Many entrepreneurs start their first business as a sole proprietorship. It’s typically the easiest business structure to form. However, it also leaves the owner financially vulnerable if the business is sued or accumulates debt it can’t pay.
Sole proprietors often find themselves using personal funds to finance their business when they run into a liquidity issue and have to pay employees or vendors or purchase equipment or supplies. They may end up moving money back and forth between their personal and business accounts.
Doing that in a corporation or company with another type of business structure that protects officers from personal liability can be a breach of fiduciary duty. However, that’s not the case for sole proprietorships.
Nonetheless, sole proprietors should scrupulously separate their personal and business finances. Why?
Commingling personal and business funds can bring complications
When you avoid commingling personal and business funds, you minimize the chances of making a costly tax error.

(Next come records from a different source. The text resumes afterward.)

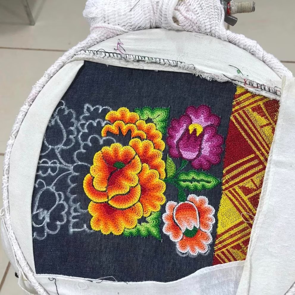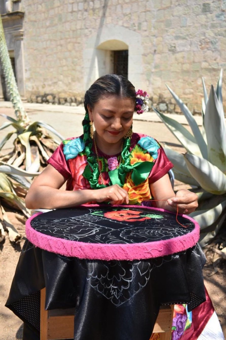 Originaria de Santa María Xadani, Vásquez Aquino se dedica a la elaboración de textiles del Istmo de Tehuantepec, la artesana dibuja sus propios diseños, realiza los trazos y el bordado.
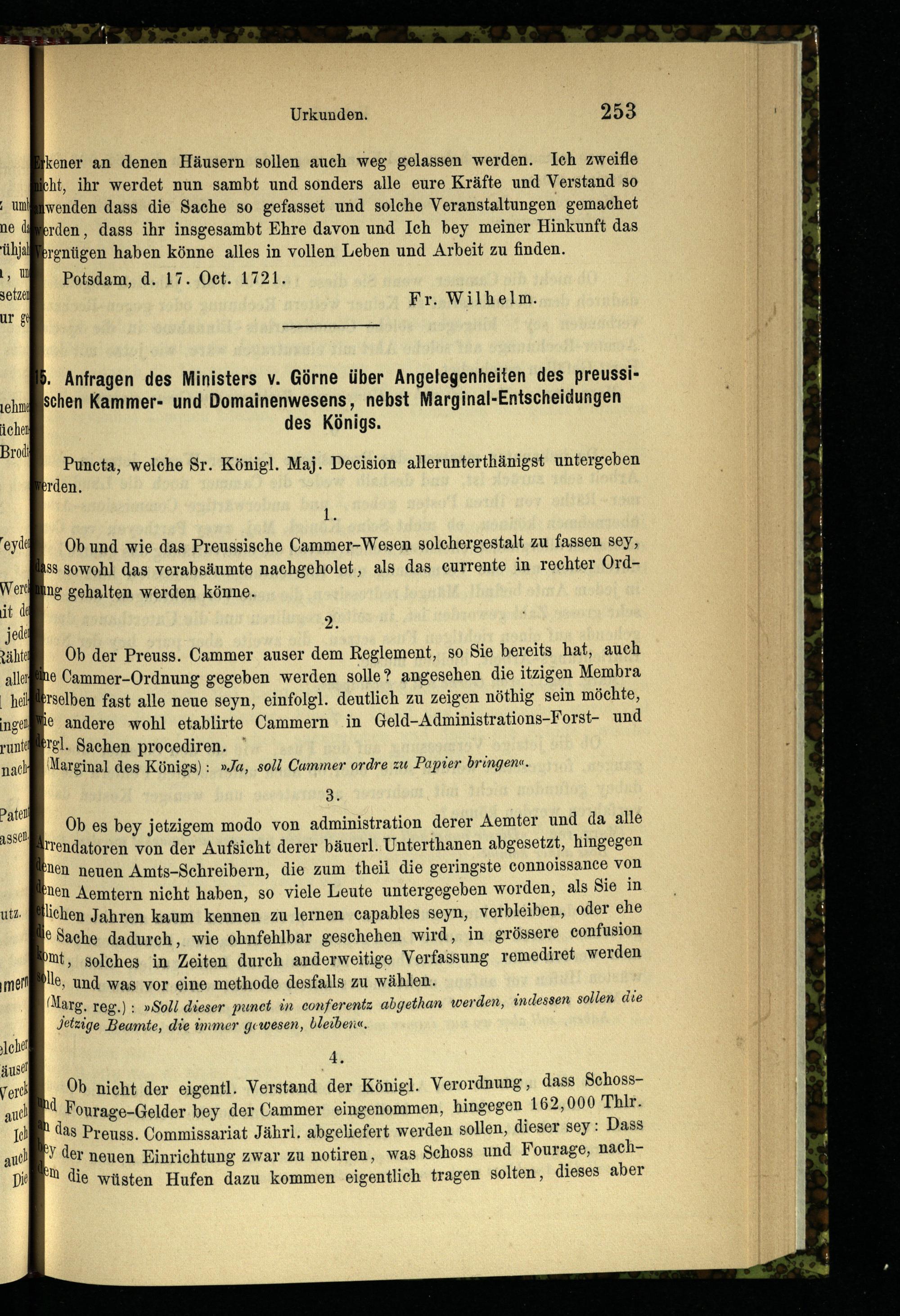 15. Anfragen des Ministers v. Görne über Angelegenheiten des preussischen Kammer-...
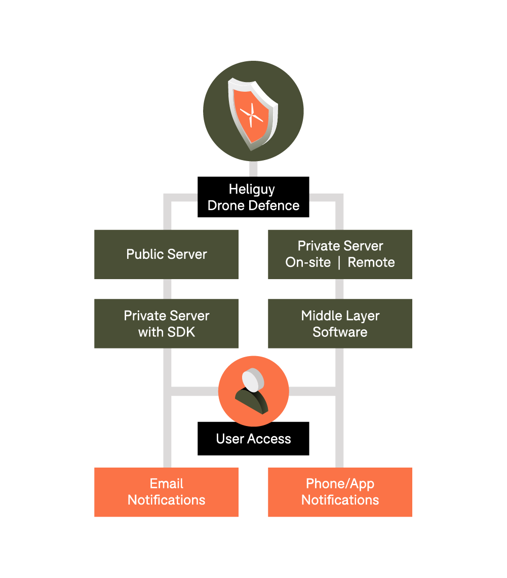 heliguy™ drone defence solutions offer a versatile network topology - effective for a strategy based on DJI AeroScope alone, or utilising AeroScope as part of a layered approach. This topology enables different server options. DJI Aeroscope can feed into a public or private server (on-site or remote) and alert notifications via email and app can be enabled. Alternatively, it can feed into a private server with SDK (Software Development Kit), or a middle-layer software, to enable a multi-tiered approach and enhanced alert methods, such as via dedicated apps.
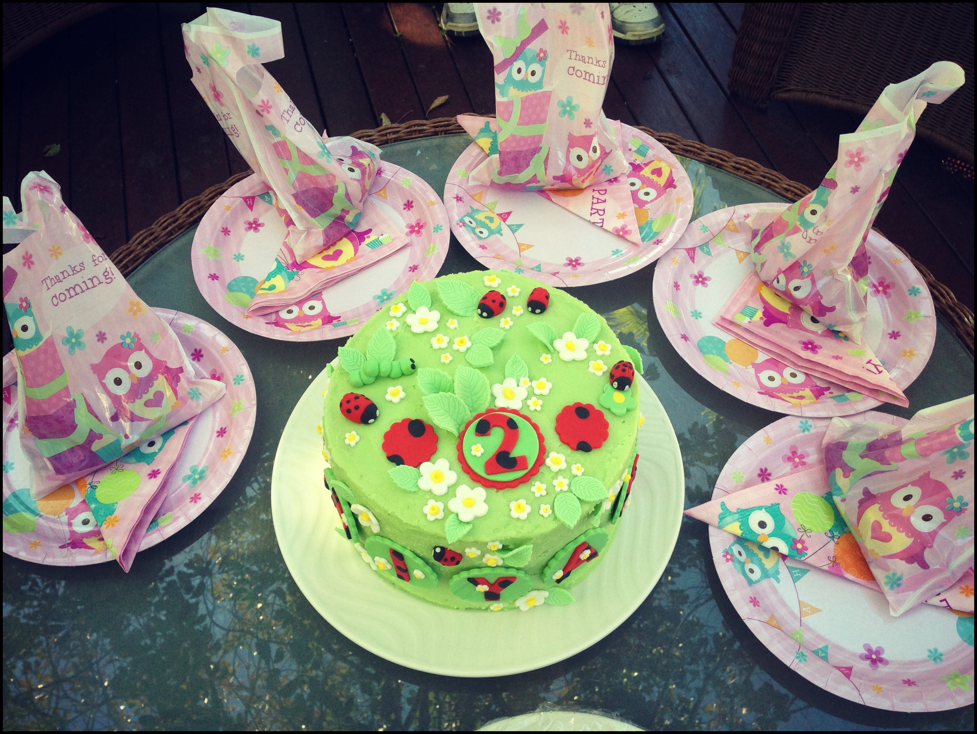 We travelled to Broome by plane, which was an interesting way to get a cake to a party! I double wrapped then froze the layers of the cake once they were cool to give it a better chance of surviving transportation. I also didn’t think I’d be able to successfully whip up a batch of buttercream icing in our accommodation, so I made it at home the night before we left, and refrigerated it until it was hard as a rock! I put it all in an insulated bag with freezer bricks, and off we went. Thankfully it all made it to Broome in one piece – well three pieces actually, but that was the way it was meant to be! Luckily we were the first to arrive, so I had time to put it all together ready to surprise the birthday girl. The kids were all very excited about the cake and the party away from home. I’m not sure that the hooty owl plates really went with the ladybird theme, but that’s what happens when you forget to organise party decor!!
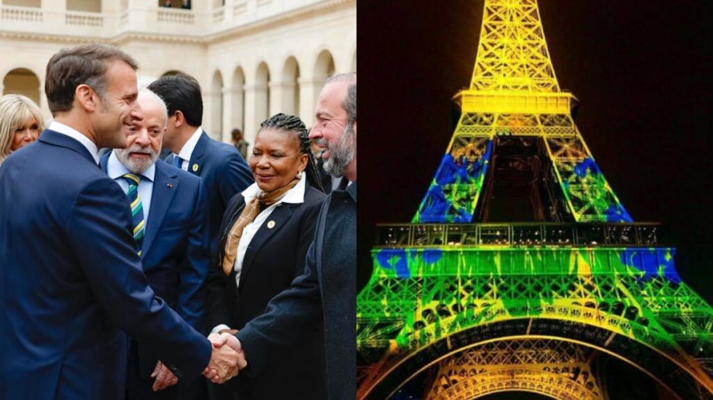 A Torre Eiffel ganhou as cores verde e amarela na noite desta quinta-feira (5/6), em homenagem ao presidente Luiz Inácio Lula da Silva, que cumpre agenda oficial na França. O gesto simbólico foi anunciado pela prefeita de Paris, Anne Hidalgo, durante encontro com Lula e a comunidade brasileira.
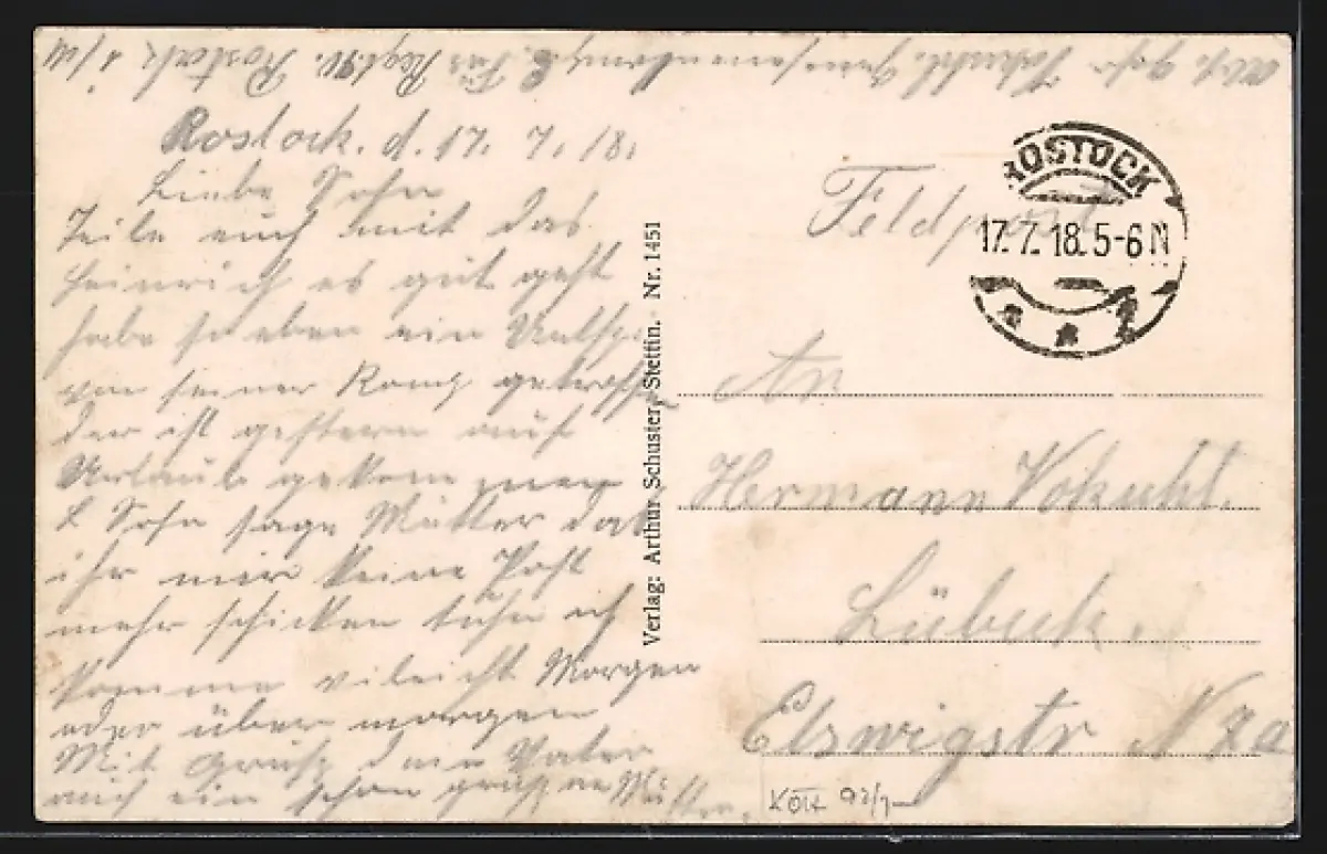 Personenbezogene Daten auf der Rückseite der Karte wurden durch blauen Textmarker unkenntlich gemacht. Die blauen Stellen sind auf die Vorderseite durchgeweicht und wirken sich negativ auf das Postkartenfoto aus

Separating your personal and business finances and transactions will also make your financial statements much clearer and more accurate.

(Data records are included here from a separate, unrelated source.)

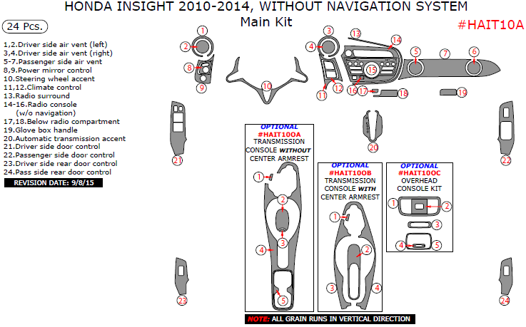 Honda Insight 2010, 2011, 2012, 2013, 2014, Without Navigation System, Main Interior Kit, 24 Pcs.
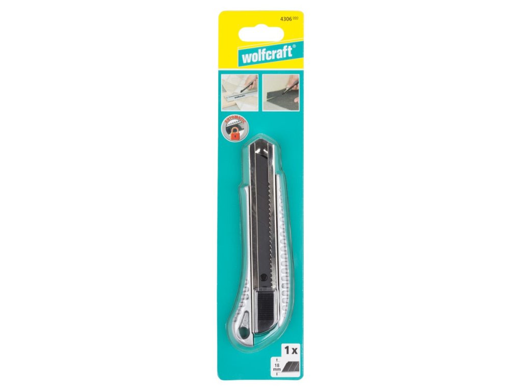 Wolfcraft Nôž odlamovací s čiernou čepeľou Profi kovový 18mm, wolfcraft 4306000
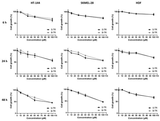 Cell viability inhibition of two different sources of trans-resveratrol. HT-144, SKMEL-28 and HDF cells were treated with various concentrations (10–100 μM) of synthetic trans-resveratrol (S-TR) and bio-produced trans-resveratrol (B-TR) for 6, 24 and 48 h. Cell viability was determined by the MTT assay. The final volume of ethanol was 0.01% and 0.1% for 10 and 100 μM concentrations, respectively. Data are expressed as the means ± SD of 3 independent experiments. Each experiment was performed in triplicate
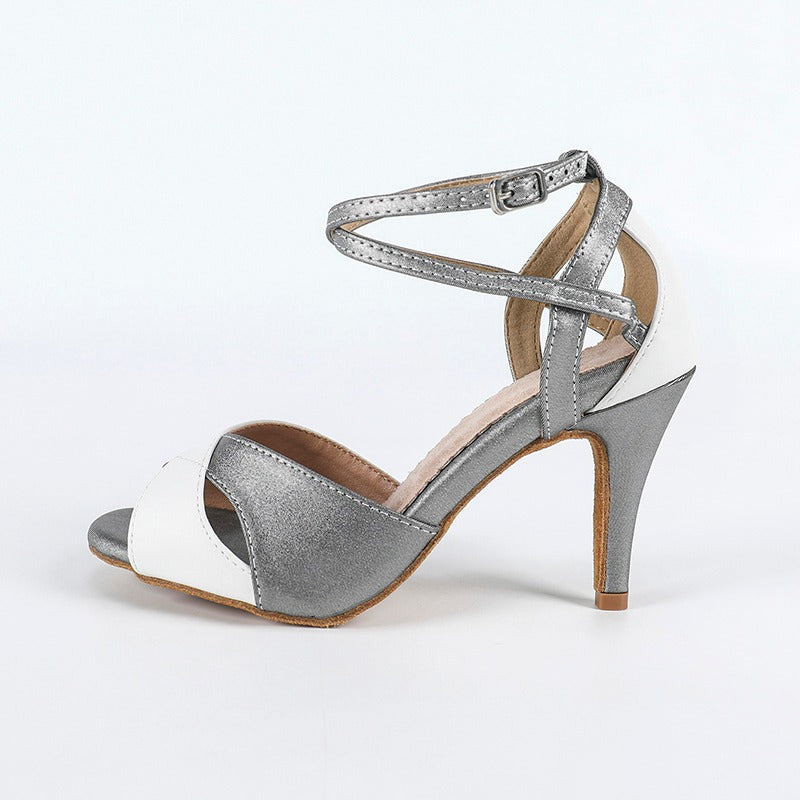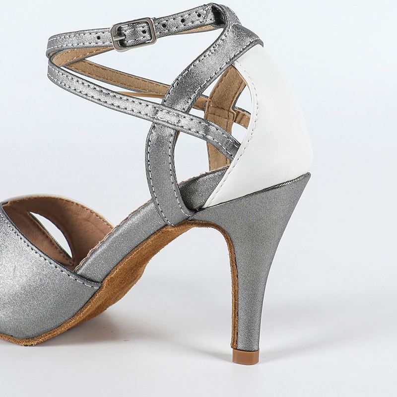 DS Women's Gray PU Customized Heel Latin Shoes Ballroom Dance Shoes

If you use a tax preparer and/or accountant, you’ll make things less complicated for them – and less expensive for yourself. Having clearly separate financial records will also help when you apply for a business loan.

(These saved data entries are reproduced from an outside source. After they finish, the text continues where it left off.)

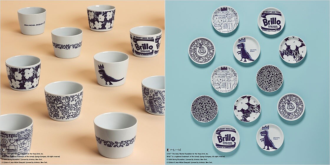 集結美國50~80年代3位極具代表性的藝術家——安迪沃荷(Andy Warhol)、凱斯哈林(Keith Haring)以及尚米榭巴斯奇亞(Jean-Michel Basquiat),把他們生前最為人知的畫作印製為服飾、懶人鞋和購物包,與其他系列不一樣的是,本次藝術家聯名系列還特別推出盤子與杯子2款瓷器。
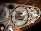Finished in a rich deep maroon and black with maroon leather interior in the late 1980s or early 1990s, the car’s restoration has aged somewhat but its paint and interior are still solid and charming in appearance. Significantly, it retains not only its factory engine, but the original firewall Typenschild and order number plate, bearing Kommission number 269503, as well as the original polished wood trim, which still has Possehl’s green paint on the undersides of the door cappings—indicating that much of the restoration, of what had been a very original car, was largely cosmetic.
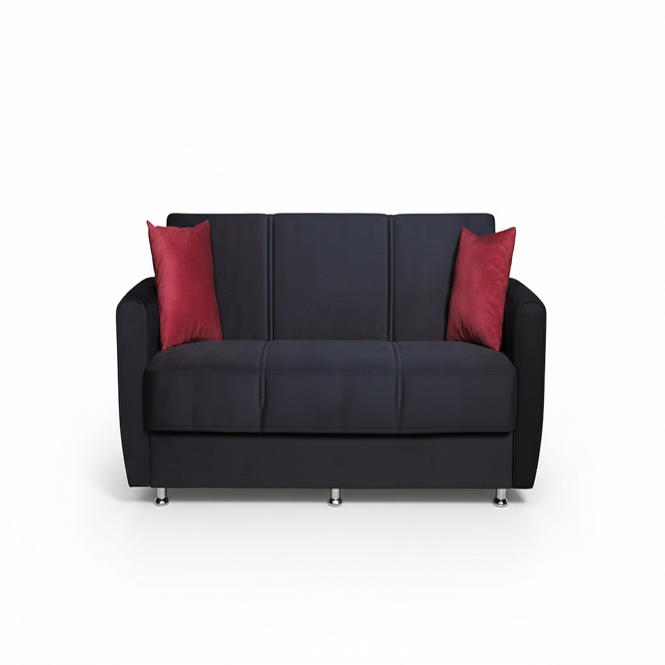 European Style Sofa Bed Fabric Upholstery Extendable Portable Convertible Solid Wood Frame Storage Click Clack Mechanism
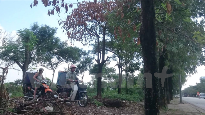 Hai người đàn ông chở xác cá chết ra khỏi khu vực hồ Linh Đàm (Ảnh: PV/Vietnam+)
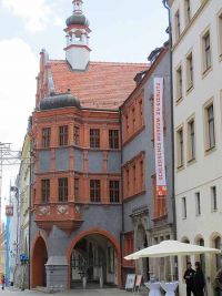 An der Fassade befindet sich ein Relief mit dem Stadtwappen von Görlitz, das einen doppelschwänzigen, böhmischen Löwen und den Reichsadler zeigt. Beide Wappentiere halten die Kaiserkrone in ihrer Mitte. Gerahmt wird das Wappen von spätgotischen Verzierungen und den Heiligenfiguren der Maria mit dem Kind sowie der Barbara, mit dem Turm als Schutzpatronin der Stadt. Von dort ging es wieder zurück zum Oberen Markt, wo uns, in der Eingangshalle eines der dort stehenden Häuser, Frau Ott die ungewöhnlichen Görlitzer Hallenhäuser erklärte, die man nur hier antrifft. Kennzeichnend für den Bautyp sind die großen Hallen, die das Haus in verschiedene Zonen und Bereiche unterteilen. Hier wurde gehandelt und mit der großzügigen Bauweise gezeigt und demonstriert, was man hat. Die meisten dieser Häuser entstanden im 14. und 15. Jahrhundert.
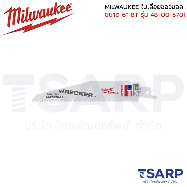 MILWAUKEE ใบเลื่อยซอว์ซอลตัดอเนกประสงค์ 6″ WRECKER 8 TPI (5 ใบ) รุ่น 48-00-5701
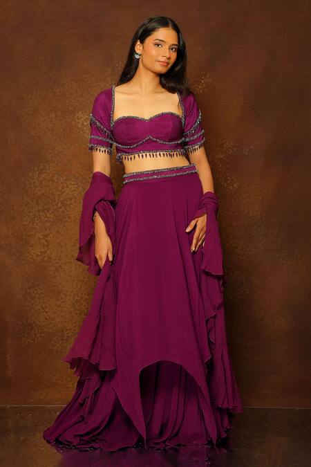 Purple Silk, Georgette Cut Work, Sequins, Beads, Layered Shackle Lehenga Set
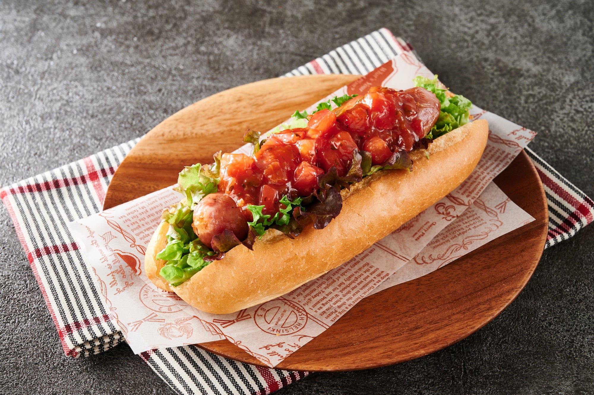ウソップの鼻をイメージさせるジューシーなロングソーセージに必殺〝火薬星〟が登場!ホットなサルサソースとハードドックの相性がバッチリ!
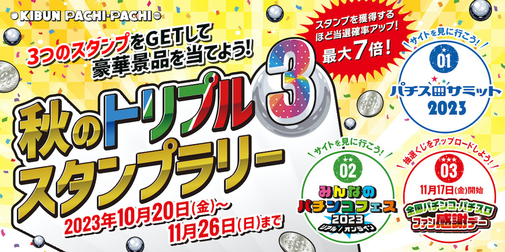 日本遊技機工業組合(略称:日工組)は、10月20日から11月26日まで「KIBUN PACHI-PACHI 秋のトリプルスタンプラリー」を開催する。

Avoiding commingling requires some extra steps
Sole proprietors often commingle personal and business assets to simply save a couple of steps. They may just deposit a client’s check directly into their personal account to pay themselves. However, that check should go into the business account. Sole proprietors should then pay themselves out of that account. That’s just one example of how to avoid this commingling.
No matter what type of business you’re starting, it’s crucial to understand the potential legal ramifications of commingling personal and business funds. Having sound legal guidance from the beginning can save you time, stress and money in the long run.